We cannot multiply B and A (in that order) since the three columns of B do not match the two rows of A.

The inverse of the two (row) by two (column) matrix A, denoted A^–1, is:

• [latex]A^{-1}=\frac{1}{-1(2)-4(2)}\left(\begin{array}{c}2 & -2\\-4 & -1\end{array}\right)=\left(\begin{array}{c}-1/5 & 1/5\\2/5 & 1/10\end{array}\right)[/latex]

Check that this is correct by calculating:

• [latex]A^{-1}A=\left(\begin{array}{c}(-1/5)(-1)+(1/5)(4) & (-1/5)(2)+(1/5)(2)\\(2/5)(-1)+(1/10)(4) & (2/5)(2)+(1/10)(2)\end{array}\right)=\left(\begin{array}{c}1 & 0\\0 & 1\end{array}\right)[/latex]

The transpose of a matrix, denoted A^T, reverses its rows and columns, so:

• [latex]B^TA^T=\left(\begin{array}{c}1 & 4\\4 & 4\\-4 & 1\end{array}\right)\left(\begin{array}{c}-1 & 4\\2 & 2\end{array}\right)=\left(\begin{array}{c}7 & 12\\4 & 24\\6 & -14\end{array}\right)[/latex]

This illustrates the general result, (AB)^T = B^TA^T.
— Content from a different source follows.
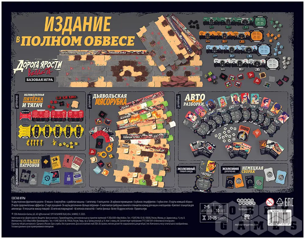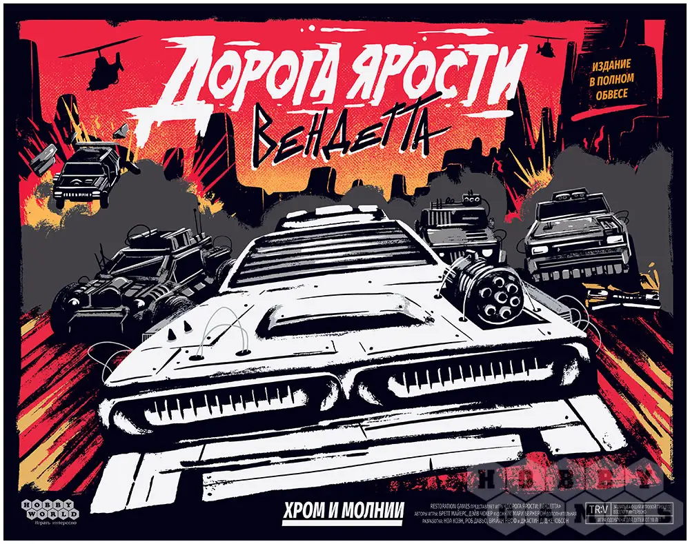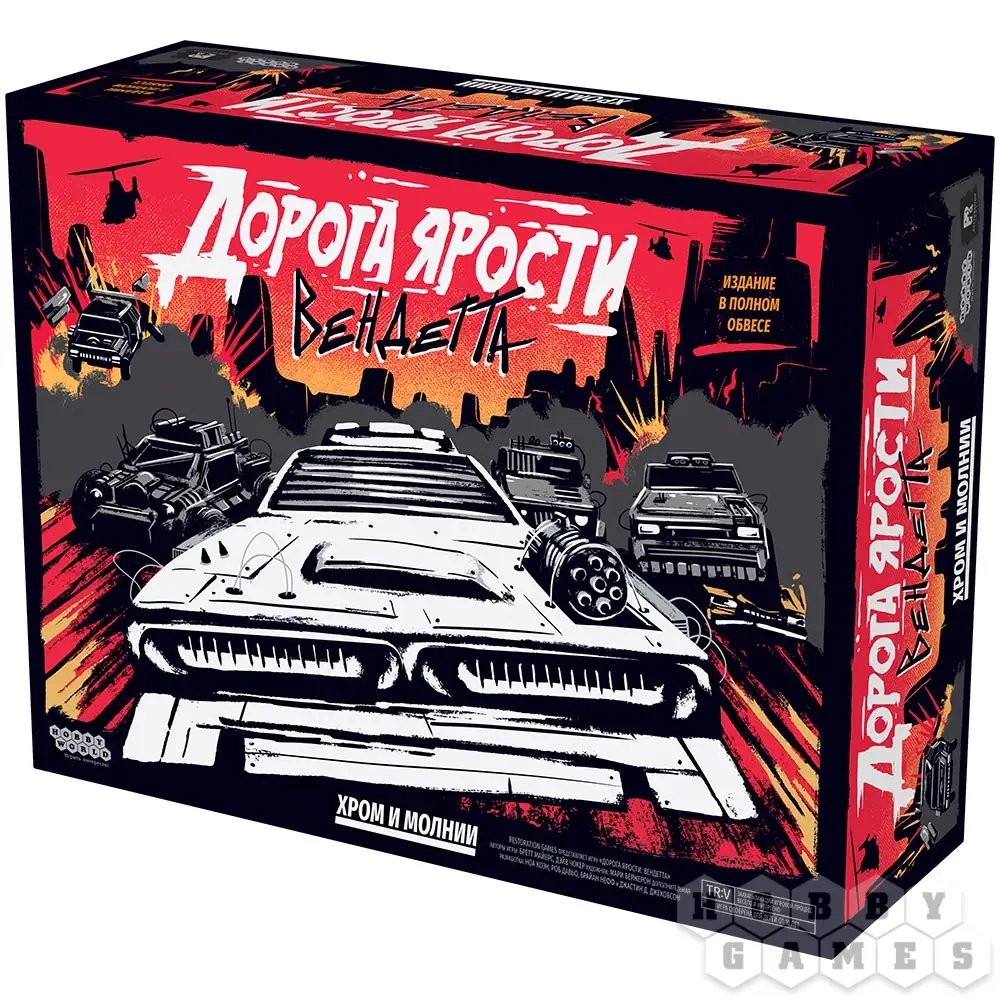 "Дорога Ярости: Вендетта. Хром и молнии" – это издание, которое объединяет в себе базу "Дорога Ярости: Вендетта" и целых 5 дополнений, из них 2 – эксклюзивные: "Авторазборки", "Дьявольская мясорубка", "Великолепная пятёрка и тягач", "Больше патронов", "Немецкая сборка". Также в комплекте идёт эксклюзивный главарь банды. Теперь вы сможете объединить особенности и препятствия всех дополнений на одной карте и в полной мере прочувствовать атмосферу ожесточённого заезда. Приготовьтесь покорять непредсказуемые трассы, уворачиваться от выстрелов и таранов банд-конкурентов, а также тщательно продумывать свой маршрут – ведь если не рассчитать скорость, можно спокойно вылететь в кювет и выбыть из гонки.

If we multiply A by itself we get AA = A², a matrix power:

• [latex]A^2=\left(\begin{array}{c}-1(-1)+2(4) & -1(2)+2(2)\\4(-1)+2(4) & 4(2)+2(2)\end{array}\right)=\left(\begin{array}{c}9 & 2\\4 & 12\end{array}\right)[/latex]

Note that this has to be calculated using matrix multiplication, not simply squaring each element of A.